One interesting point of focus for dental professionals is the development of periodontal pockets, and their role in the relationship between host and pathogen.



Periodontal pockets and avoiding the vicious cycle

A review by Murakami et al. in 2018 proposed revisions to the existing classification system for gingival diseases, in order to more strongly underscore the importance of controlling gingival inflammation as a primary defence against periodontitis.

Periodontal pockets, which form via tissue destruction resulting from inflammatory responses to pathogens in plaque, are more susceptible to further plaque accumulation, presenting a risk point that should be evident to any practitioner.

Meanwhile, as studied by Loos & van Dyke, we understand that during the process of plaque accumulation, the host’s immune response and biofilms can shift from symbiosis (healthy microbial balance) to dysbiosis (imbalance). In the latter state, the biofilm becomes more pathogenic and thus induces an even stronger inflammatory response.

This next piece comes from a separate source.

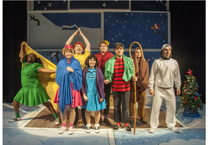
The cast of Taproot Theatre's 2017 production of A Charlie Brown Christmas .

In the image below, from Loos & van Dyke’s article, we see what they described as a vicious cycle of “ecological catastrophe” resulting from this interplay. 


The vicious circle of the “ecological catastrophe” driven by an aberrant host response in periodontitis.

(Source: Loos & van Dyke, 2020)


Needless to say, avoiding such a scenario with patients is paramount. Of course, you can only control what you can control. Host immune response is dependent on genetics and epigenetics, meaning that some groups of people are naturally more susceptible than others.

Genetics cannot be levered as a risk factor, and dentists have limited or no control over other causal factors… with the exception of plaque control. This is where interventional oral care can make a critical impact – steering clear of this “ecological catastrophe” serves as a powerful reinforcing motivator.

Deal with gingivitis through proactive intervention

Accumulation of dental plaque leads to gingival inflammation, which most patients understand. But far fewer are aware of the self-perpetuating disease progression that can take place once the inflammation and potential periodontal pockets develop.

“It should be noted that not all inflammatory sites are destined to progress to periodontitis,” pointed out Murakami et al. “To date, however, no scientific evidence allows us to diagnose which gingivitis sites are susceptible to progression to periodontitis. Thus, to prevent attachment loss and destruction of periodontal tissue, dealing with gingivitis by appropriate local therapeutic intervention is still essential.

“In the future,” they added, “gingival conditions may be diagnosed by objective analytic approaches such as transcriptome characterization and/or categorization of epigenetic changes.”